Skip to content

2. Agents

Introduction 1

  • An agent perceives its environment through sensors.
  • The complete set of inputs at a given time is called a percept.
  • The current percept, or a sequence of percepts, can influence or provide input into the actions of an agent.
  • The agent can change the environment through actuators or effectors.
  • These actuators or effectors may be physical or simulated depending upon the nature of the agent.
  • Embodied agents, for example, have physical actuators that can effect change in the environment of the real world.
  • Software agents, on the other hand, have simulated actuators and can affect change within the virtual environment in which they operate.
  • There are many examples of software agents.  One example is the idea of a non-player character (NPC) in a video game.  This is a simulated agent that is purposive and is designed to act with reason.
  • An operation involving an effector is called an action.
  • Actions can be grouped into action sequences.
  • Agents can have goals that they try to achieve.
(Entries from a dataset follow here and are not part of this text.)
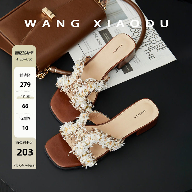 原创【王小毒】香风H拖●3.5cm粗跟花呢珍珠一字凉拖鞋女外穿露趾
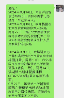 2024年3月7日,杨丽被逼向习近平求助,在北京被金坛驻京办民警和滨湖派出所民警打晕。同月10日,我父杨国良在家中被滨湖派出所民警砸伤(轻伤二级)。同月14日,滨湖派出所辅警姜建枫(JT0758)威胁要开车撞死杨丽。
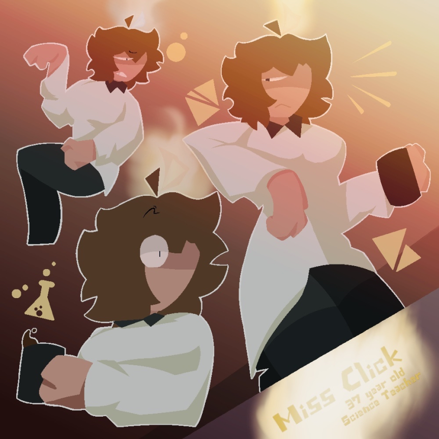 Miss Click is a tall, attractive high school teacher. She has tufty, shoulder-length, brown hair with a thick ahoge down the middle of her face and a brown cowlick. Her second cowlick is a small flame, signifying her mood. She wears a basic thigh-length white lab coat with a black collar. She wears tight black yoga pants. Similar to Layla, she has hoove-like feet with high heels.
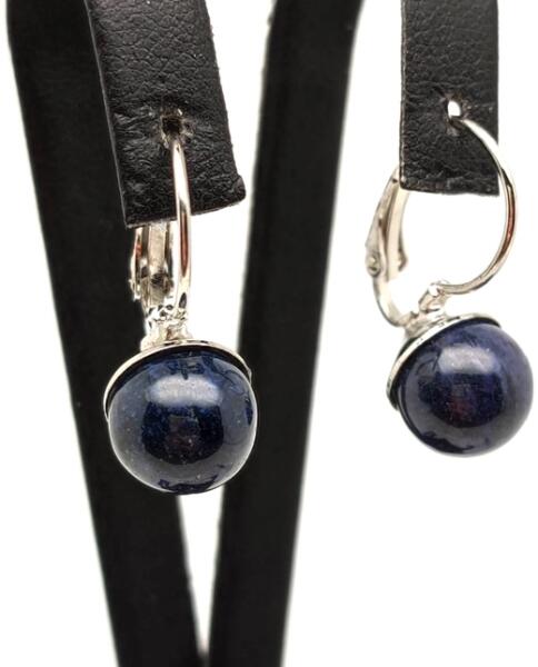 Dumortierit fülbevaló (golyó záras Ásvány fülbevaló) Egyedi ásvány ékszer.
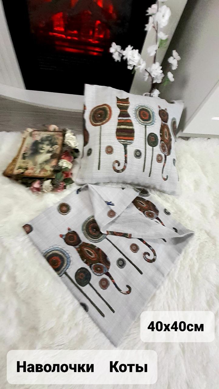 Наши изделия сшиты из ткани, состоящей из высококачественного 100% хлопка с плетением рогожка, очень схожи с льняным полотном, легко отстирываются, быстро сохнут, довольно легко гладятся и почти не мнутся. Благодаря качественным красителям оригинальные дизайнерские принты и текстура ткани, будут вас радовать, даже после многочисленных стирок (рекомендуемая температура 40 градусов без применения агрессивных отбеливателей). Оригинальные рисунки, такие как: вязаные разноцветные коты, черные котята, гуляющие сами по себе по нотам, очаровательный Анютины глазки и букетики лаванды обязательно обратят на себя внимание гостей и вызовут у них улыбку. Благодаря натуральному составу ткани, наша многоразовая декоративная наволочка из хлопчатобумажной ткани не менее практична, и гораздо более экологична и гипоаллергенна, чем изделия из ярких синтетических тканей.
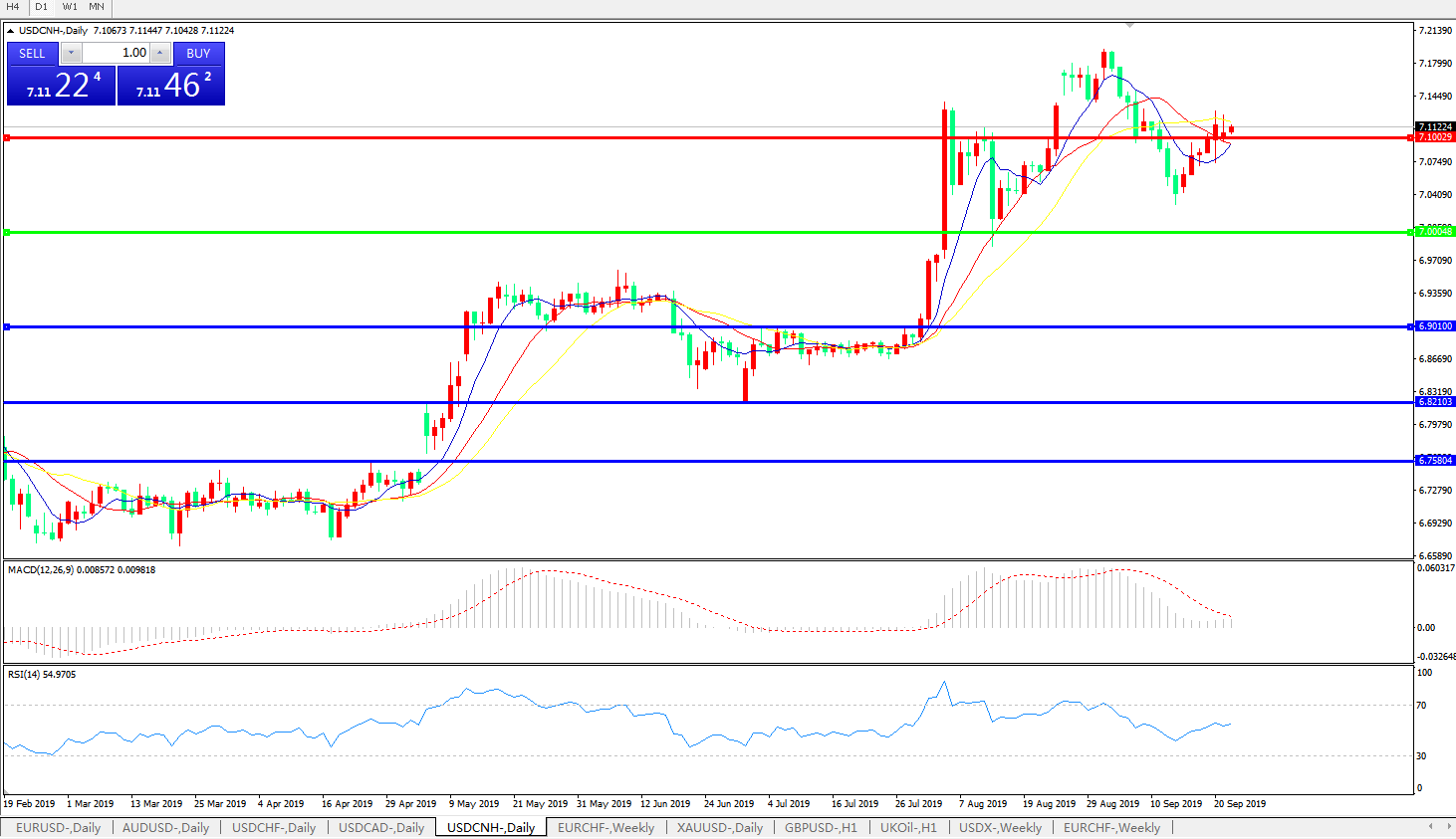 技术面简析:日图短期均线拐头上攻,汇价7.10关口附近整理,MACD逼近0轴且动能有再度放量迹象,RSI呈缓步走高态势,预计短期汇价将延续上行,上方重点关注7.20-7.30区间的压制;近期中美贸易谈判略有进展,须持续关注。
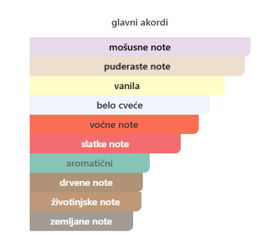 Chypre-voćni miris za žene, kreacija Sonie Constant, predstavlja novu intenzivnu interpretaciju kultne linije For Her. Otvara se sočnim tonovima breskve i svežim kalabrijskim bergamotom, stvarajući voćno-citrusni uvod. Srce parfema obogaćeno je belim cvećem i prepoznatljivim mošusom, koji daju dubinu i ženstvenu eleganciju. Baza se razvija u senzualnu kombinaciju vanile i vetivera, pružajući toplinu, zemljanu notu i dugotrajan karakter. For Her Intense odiše modernom snagom, sofisticiranošću i zavodljivom privlačnošću.
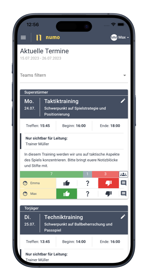 Reibungslose und zeitnahe Kommunikation zwischen Trainer:innen, Spieler:innen und Eltern. Bleibe stets auf dem Laufenden.
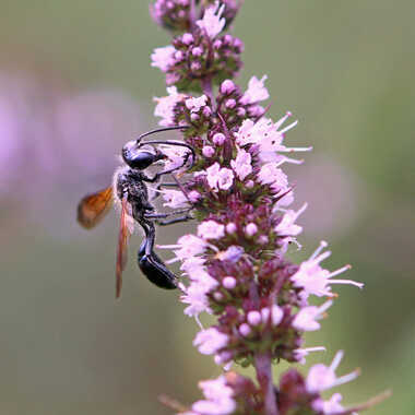 La guêpe noire, aussi appelée guêpe maçonne, est très reconnaissable avec son corps long et svelte. La guêpe maçonne, un insecte inoffensif. La guêpe est qualifiée de maçonne car elle construit son nid à partir de matériaux minéraux de type sable, argile ou terre qu’elle mélange avec la salive.
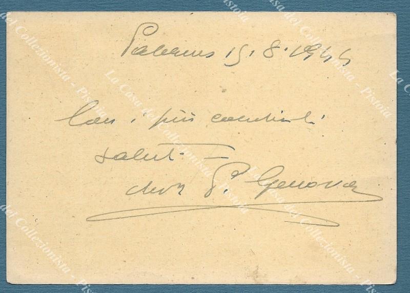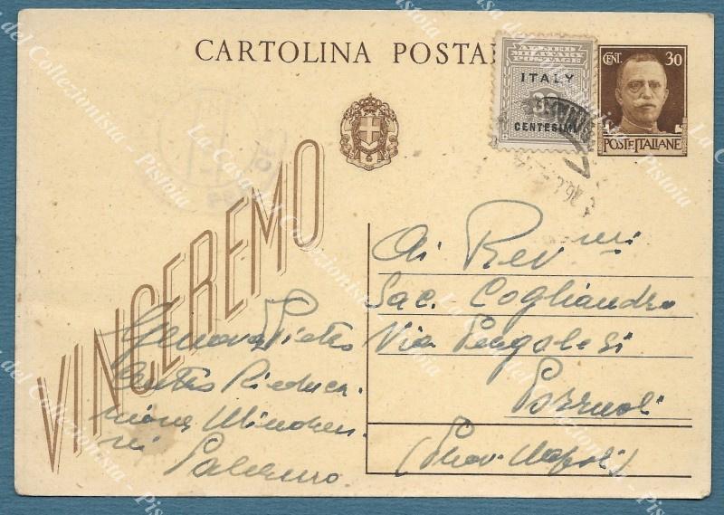 Storia postale. OCCUPAZIONI e COLONIE. SICILIA OCCUP. ANGLO - AMERICANA. Cartolina postale cent. 30 Vinceremo con aggiunto cent. 30 (Sassone n. 3). Da Palermo a Pozzuoli 15.8.1944. (Rif.F5049)
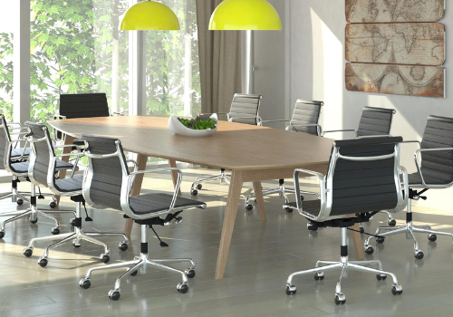 KNIGHT CUBIT BOARDROOM TABLE W2400 X D1200 X H730MM BLACK BASE ATLANTIC OAK TOP
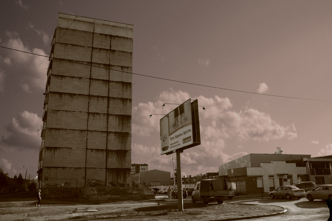 Мне почему-то это фото напоминает Америку, американская заправка, придорожная гостинница, облезлый рекламный щит (с русскими букавками ), а может что-то урбанистическое. |
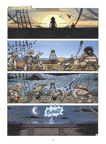 Le vieil homme et l'amer Romuald n'est plus le même depuis que le Capitaine a converti tout l'équipage à son amour des livres. En bon pirate, il ne supporte pas de voir ces piles d'ouvrages poussiéreux remplacer les montagnes d'or des cales de la Kouklamou. On peut même dire qu'il déprime sec ! Heureusement que le testament d'un vieil ami du Capitaine vient bousculer ce calme plat. Un héritage colossal attend ce dernier s'il parvient à remettre la main sur ses anciens camarades de promo : Akable le monomaniaque chasseur de baleines, Porto le globe-trotter à boucle d'oreille, Fernando l'étroit mousquetaire ou encore Isabella Bella la Bomba. Alors qu'une nouvelle aventure se prépare, le passé du capitaine refait surface... et le sourire de Romuald avec. Entre humour absurde, références loufoques et grande aventure, retrouvez le nouveau tome de Ratafia, la série pirate la plus déjantée des mers ! A l'occasion de cette nouveauté, l'ensemble de la série est réédité sous le label Vents d'ouest, chaque album bénéficiant d'un cahier graphique inédit.
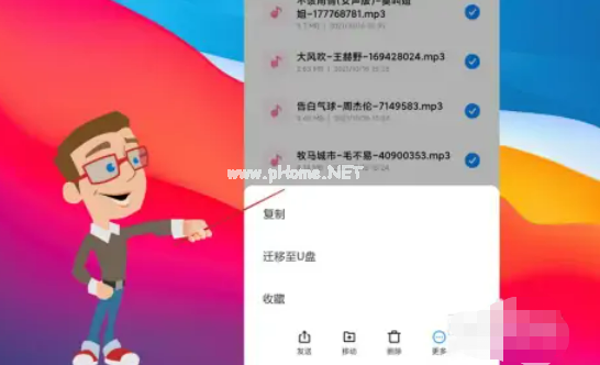 10、選擇以“.mp3”為擴(kuò)展名的歌曲文件,然后點(diǎn)擊屏幕底部的“復(fù)制”。
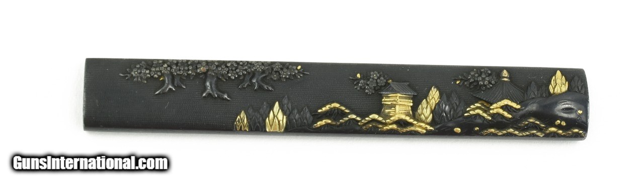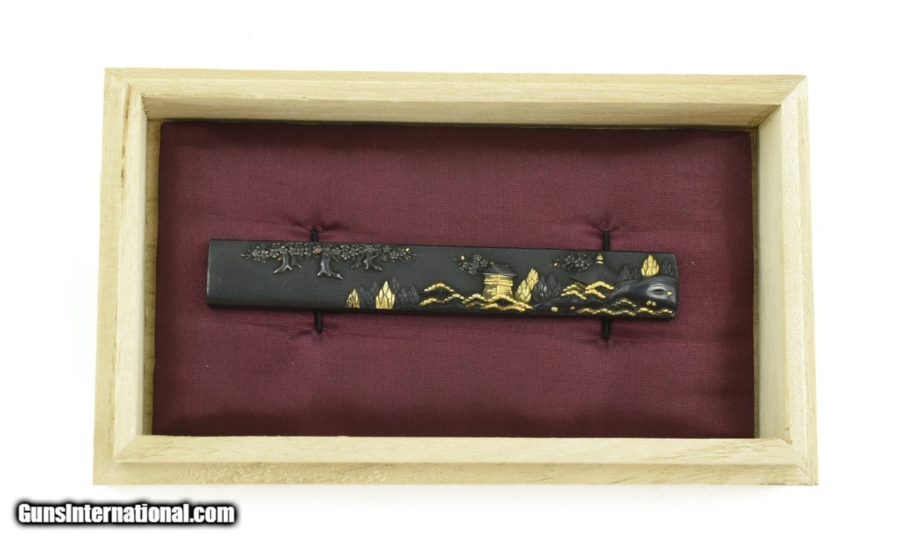 Description: "Kinko Kodzuka. Shakudo nanako ground. Houses with trees and foliage with gold highlights. Unsigned. Boxed. Very nice detail. SOLD |
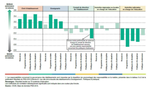 Et les rédacteurs du rapport PISA de poursuivre : « Les élèves affichent un score plus élevé en sciences dans les systèmes d’éducation où les chefs d’établissement disposent d’une plus grande autonomie en matière de ressources, de programmes scolaires et d’autres politiques scolaires ». C’est ce qu’a mis en évidence, par d’autres biais, l’étude de l’IREF sur les systèmes éducatifs.
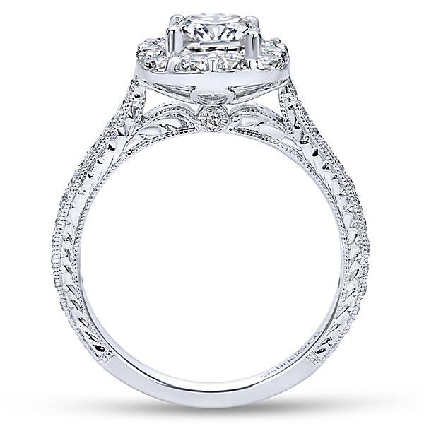 14K White Gold .71cttw Cushion Cut Halo Diamond Engagement Ring. This wonderfully simple, classic cushion style features .71cttw of round diamonds bead set in a straight shank and slightly larger than normal prong set halo design. The larger halo is designed to accent the real star of the show. A 1ct cushion cut center diamond set in a 4-prong head. All accent diamonds are F/G in color and SI in clarity. The ring is further accented by a hand engraved shank, adding a wonderfully vintage touch. Also available in yellow or rose gold, and platinum, either two-tone or single metal color by request. Designed by Gabriel & Co. #376A

These types of agents are called purposive agents.
  • Thus, an agent can be looked upon as a system that implements a mapping from percept sequences to actions.
  • An autonomous agent decides autonomously which action to take in the current situation to maximize progress towards its goals.
  • An autonomous agent is one that makes decisions and acts on its own according to the actions it is capable of performing and the rules of reasoning or decision making that it is operating under.
  • Based on this understanding, we can define an agent using these 4 rules:
    1. Ability to perceive the environment.
    2. Observations used to make decisions.
    3. Decisions will result in actions.
    4. Ability to become rational, that is, to take the best action given the information available.
  • Types of AI environments:
    • Fully observable vs. partially observable:
      • Fully means the agent can see the entire state of the environment at every point in time.
      • E.g., chess board is fully observable, while poker is partially observable.
    • Deterministic vs. stochastic:
      • Deterministic means the next state of the environment is completely determined by the current state and the action taken.
      • Stochastic means there is some randomness in the environment.
      • E.g., 8-puzzle is deterministic, while self-driving car is stochastic.
    • Static vs. dynamic:
      • Static means the environment does not change while the agent is deliberating.
      • E.g., speech analysis is static, while drone vision is dynamic.
    • Discrete vs. continuous:
      • Discrete means there are a finite number of states.
      • E.g., chess board is discrete, while self-driving car is continuous.
    • Single-agent vs. multi-agent:
      • Single-agent means there is only one agent in the environment.
  • Agent Architecture and Hierarchical Control:
    • Agent = body + controller.
    • The body can be physical or virtual.
    • The body is the part of the agent that interacts with the agent’s environment.
    • The body has both sensors and actuators.
    • Sensors are the capabilities of the agent that collect stimuli from the environment.
    • Actuators provide the agent with the ability to affect change within the environment that it operates.
    • The controller accepts the stimuli sensed by the body in the form of percepts which are data values created from the stimuli that are sensed by the body.
    • The controller is the portion of the agent that must ‘reason’ how to respond to the stimuli to achieve the goals set for the agent to accomplish.
    • Such reasoning takes the form of actions that the agent much effect within its environment which is done by sending commands to the body directing the actions of its actuators.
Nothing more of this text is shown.